───── STORED DATA

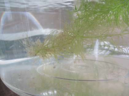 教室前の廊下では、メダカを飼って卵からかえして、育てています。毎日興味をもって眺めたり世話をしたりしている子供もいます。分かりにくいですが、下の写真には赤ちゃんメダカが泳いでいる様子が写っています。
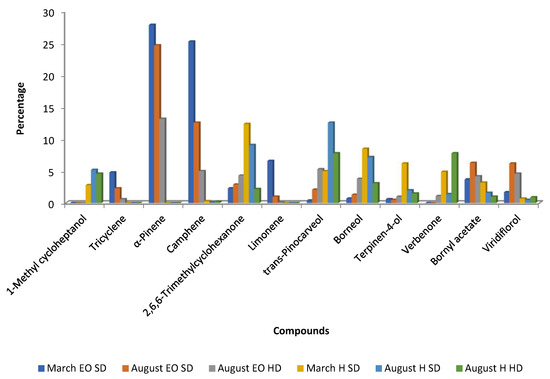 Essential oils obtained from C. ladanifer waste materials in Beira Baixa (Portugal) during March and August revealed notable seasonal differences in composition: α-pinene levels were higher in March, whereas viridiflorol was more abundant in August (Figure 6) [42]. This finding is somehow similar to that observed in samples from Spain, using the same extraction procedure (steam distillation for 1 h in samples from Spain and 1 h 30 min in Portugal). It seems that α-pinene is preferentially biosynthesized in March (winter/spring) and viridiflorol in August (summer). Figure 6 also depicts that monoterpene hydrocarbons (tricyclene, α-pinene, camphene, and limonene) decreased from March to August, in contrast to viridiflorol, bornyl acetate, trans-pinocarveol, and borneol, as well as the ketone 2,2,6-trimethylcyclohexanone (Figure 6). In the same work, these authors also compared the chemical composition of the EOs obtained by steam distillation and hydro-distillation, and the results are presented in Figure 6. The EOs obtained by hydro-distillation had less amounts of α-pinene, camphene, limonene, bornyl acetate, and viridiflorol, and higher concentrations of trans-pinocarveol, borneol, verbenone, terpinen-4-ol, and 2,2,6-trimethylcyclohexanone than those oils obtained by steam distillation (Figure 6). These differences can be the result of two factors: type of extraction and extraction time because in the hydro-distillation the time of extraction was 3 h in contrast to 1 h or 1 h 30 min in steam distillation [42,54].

──────────
───── STORED DATA

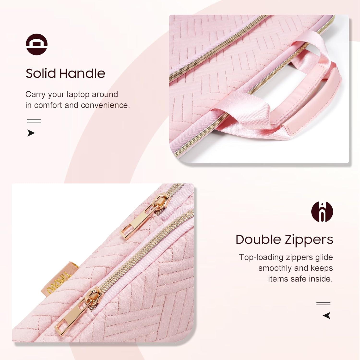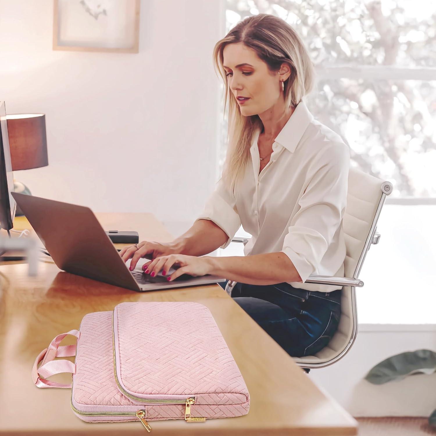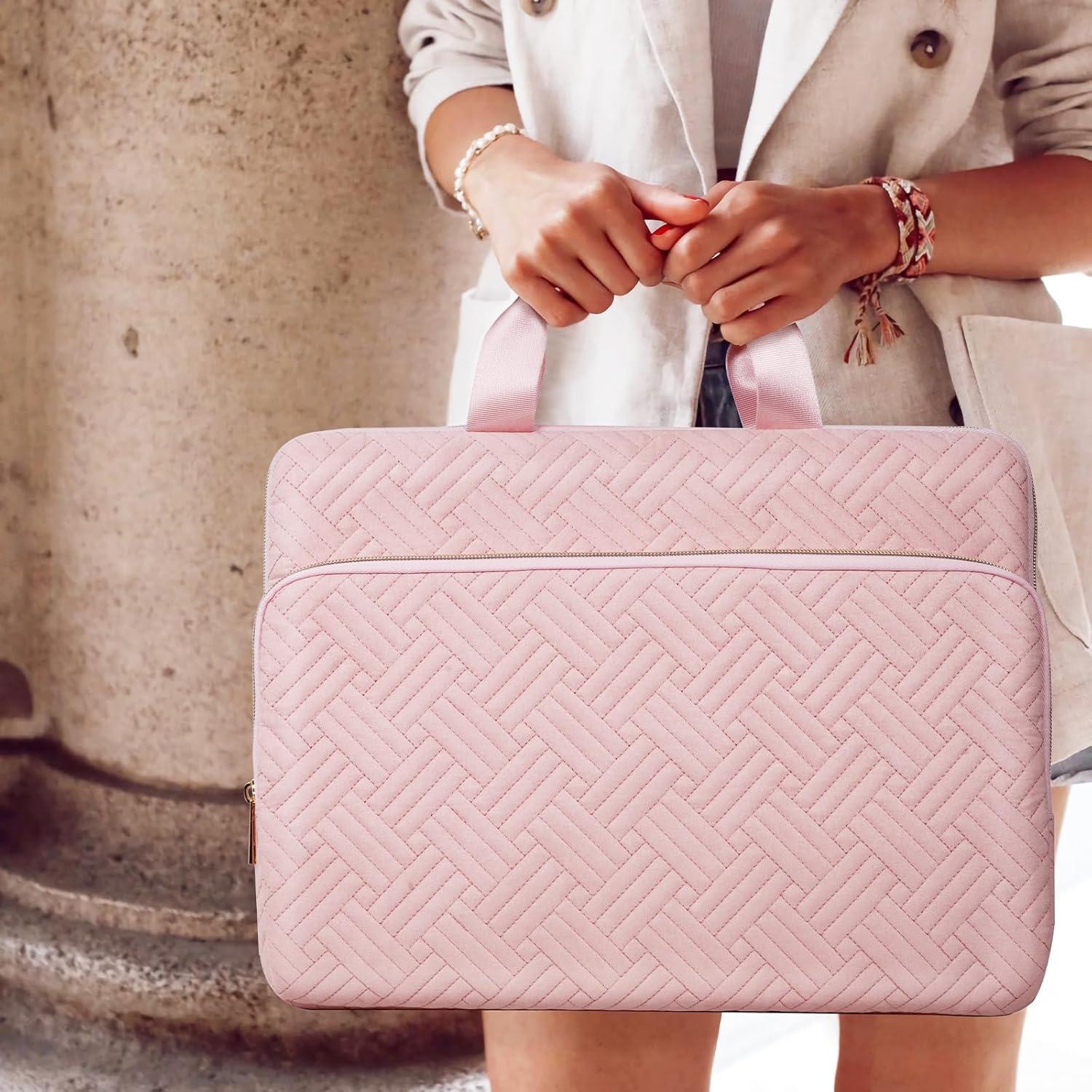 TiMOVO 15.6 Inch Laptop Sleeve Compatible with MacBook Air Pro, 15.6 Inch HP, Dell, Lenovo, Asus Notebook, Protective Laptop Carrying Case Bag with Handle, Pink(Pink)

──────────

* **BRIEF**
In the material above, one part opens with the line containing "教室前の廊下では、メダカを飼" and closes with the line containing "Essential oils obtained". Write out that part exactly and skip its pictures.

* **SOLUTION TO THIS EXERCISE**
 教室前の廊下では、メダカを飼って卵からかえして、育てています。毎日興味をもって眺めたり世話をしたりしている子供もいます。分かりにくいですが、下の写真には赤ちゃんメダカが泳いでいる様子が写っています。
 Essential oils obtained from C. ladanifer waste materials in Beira Baixa (Portugal) during March and August revealed notable seasonal differences in composition: α-pinene levels were higher in March, whereas viridiflorol was more abundant in August (Figure 6) [42]. This finding is somehow similar to that observed in samples from Spain, using the same extraction procedure (steam distillation for 1 h in samples from Spain and 1 h 30 min in Portugal). It seems that α-pinene is preferentially biosynthesized in March (winter/spring) and viridiflorol in August (summer). Figure 6 also depicts that monoterpene hydrocarbons (tricyclene, α-pinene, camphene, and limonene) decreased from March to August, in contrast to viridiflorol, bornyl acetate, trans-pinocarveol, and borneol, as well as the ketone 2,2,6-trimethylcyclohexanone (Figure 6). In the same work, these authors also compared the chemical composition of the EOs obtained by steam distillation and hydro-distillation, and the results are presented in Figure 6. The EOs obtained by hydro-distillation had less amounts of α-pinene, camphene, limonene, bornyl acetate, and viridiflorol, and higher concentrations of trans-pinocarveol, borneol, verbenone, terpinen-4-ol, and 2,2,6-trimethylcyclohexanone than those oils obtained by steam distillation (Figure 6). These differences can be the result of two factors: type of extraction and extraction time because in the hydro-distillation the time of extraction was 3 h in contrast to 1 h or 1 h 30 min in steam distillation [42,54].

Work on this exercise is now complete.